MRI brain scans of mice with Gaucher disease Type III. The scan of a mouse that received the new treatment (left) shows a significant reduction in tissue inflammation (blue) compared to an untreated mouse (right). Credit: Weizmann Institute of Science
Gregory and Deborah Macres from California lost their son, Gregory, in 1997, when he was just 4 years old. Little Gregory had a severe form of a rare genetic disorder called Gaucher disease and died after unsuccessful experimental treatment.
Despite their personal loss, the Macreses did not abandon the drive to find a cure for the disease, setting up a charitable foundation to support research in several laboratories around the world, including that of Prof. Anthony Futerman in the Biomolecular Sciences Department at the Weizmann Institute of Science.

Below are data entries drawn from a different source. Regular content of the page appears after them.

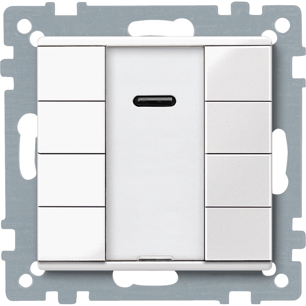 Schneider Electric Taster MTN617519 Taster 4fach plus mit IR-Empfänger, polarweiß glänzend, System M Im Design System M. Mit integriertem Busankoppler. Taster mit 8 Bedientasten, Betriebs-, Statusanzeige und Schriftfeld. Die Betriebsanzeige kann auch als Orientierungslicht verwendet werden. Die jeweiligen Funktionen der Tasten können mit einer IR-Fernbedienung angesteuert werden. Die Steuerung mit einer Merten Distance-IR-Fernbedienung ist bereits im Taster vorprogrammiert. Viele andere IR-Fernbedienungen (z. B. vorhandene TV- oder CD-Player-Fernbedienung) können am Taster angelernt werden. Das Gerät wird über eine Busanschlussklemme mit der Busleitung verbunden. Softwarefunktionen KNX: Schalten, Umschalten, Dimmen (ein-/zweiflächig), Jalousie (ein-/zweiflächig), Flanken löst 1,- 2-, 4- oder 8-Bit-Telegramme aus (Unterscheidung kurze/lange Betätigung). Flanken mit 2-Byte-Telegrammen (Unterscheidung kurze/lange Betätigung). 8-Bit-Schieberegler, Szenenabruf, Szenenspeicherung, Sperrfunktionen. Zubehör: Beschriftungsbogen für Multifunktions-Taster mit IR-Empfänger MTN6184xx.Lieferumfang: Mit Putzschutzhaube. Mit Busanschlussklemme. Material: Thermoplast brillant. Farbe: polarweiß glänzend. Hersteller Schneider Electric Nr. MTN617519 EAN Nr. 3606485099477 Warengruppe Schneider Electric Kanaleinbaugeräte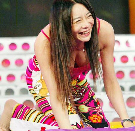 喻可欣吊带装扮仍不顾忌形象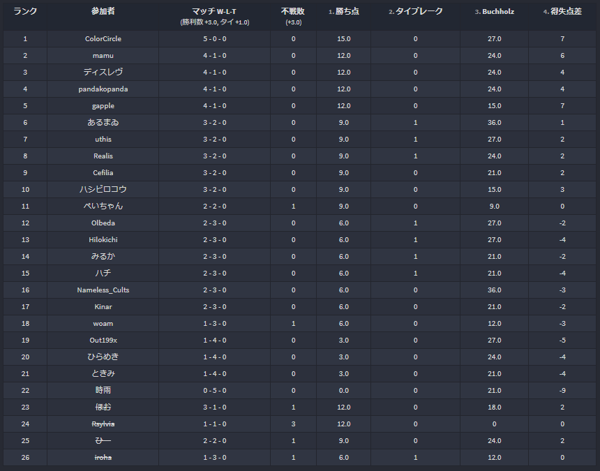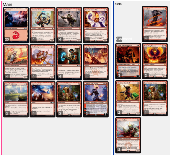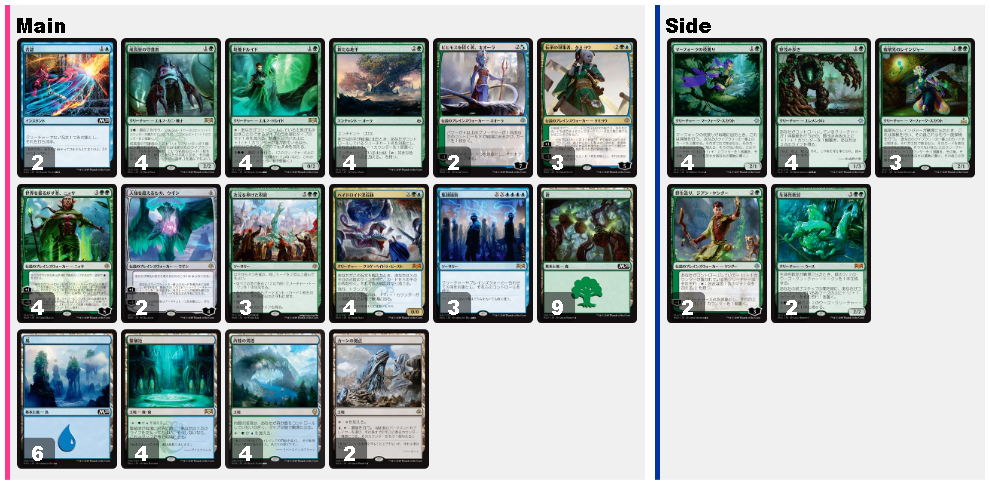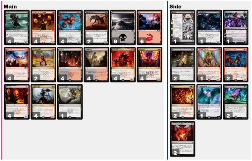 MTG Arena 第二回 初中級者大会 2019年7月10日 2023年3月13日 この記事の目次1 スイスドロー2 優勝者:ColorCircleさんのデッキ2.1 out199xさんのデッキ2.2 ディスレヴさんのデッキ2.3 あるまゐ(Mosstodon)さんのデッキ2.4 Nameless_Cultsのデッキ2.5 Realis/リアリスさんのデッキ2.6 ときみ/迷える思考の壁さんのデッキ2.7 ハチさんのデッキ スイスドロー ■参加人数:26人 ColorCircleさんの優勝でした!おめでとうございます! スポンサーリンク 優勝者:ColorCircleさんのデッキ out199xさんのデッキ ディスレヴさんのデッキ あるまゐ(Mosstodon)さんのデッキ Nameless_Cultsのデッキ Realis/リアリスさんのデッキ ときみ/迷える思考の壁さんのデッキ ハチさんのデッキ スポンサーリンク postはてブFeedly

Now, after 25 years of research, the Weizmann scientists present an innovative genetic treatment that has shown promising results in mice, including dramatically increasing life span and preserving motor function. The study is published in the journal Gene Therapy.
Gaucher disease is caused by an inherited defect in an enzyme that the body uses to break down a fatty substance called glucocerebroside. When this substance is not broken down, it accumulates in the cell’s “recycling bins,” called lysosomes—where molecules that have completed their life cycle are broken down into their component parts—causing damage that can be fatal.
The disease is relatively more common among Ashkenazi Jews, who usually have the least severe type—Gaucher Type I—which does not lead to brain damage. The two other variants of the disease are much graver: Gaucher Type II causes severe brain damage, with a rapid worsening of symptoms and death before age 2, while for people with Type III, the fatal brain damage occurs later in childhood or even in adulthood.
The accepted treatment today for Gaucher disease is repeated injections of undamaged enzyme to reduce the accumulation of glucocerebroside in body tissues. This treatment, however, does not cure the disease, nor does it help in the more severe types of Gaucher disease that damage the brain.
This is because of the blood-brain barrier, the dense layer of cells that surround blood vessels in the brain and prevent large molecules, such as the enzyme being injected, from reaching their target.
Consequently, the more severely affected patients still do not have a viable treatment. In recent years, several research groups have been focusing on gene therapy, an innovative treatment in which a normal copy of the defective gene is inserted into cells, using a virus.
But inserting a normal copy of the defective gene does not necessarily compensate for the genetic defect. In an effort to overcome this, researchers from Prof. Futerman’s lab cooperated with colleagues from Prof. Sarel Fleishman’s lab, which specializes in using computer models to design and improve enzymes.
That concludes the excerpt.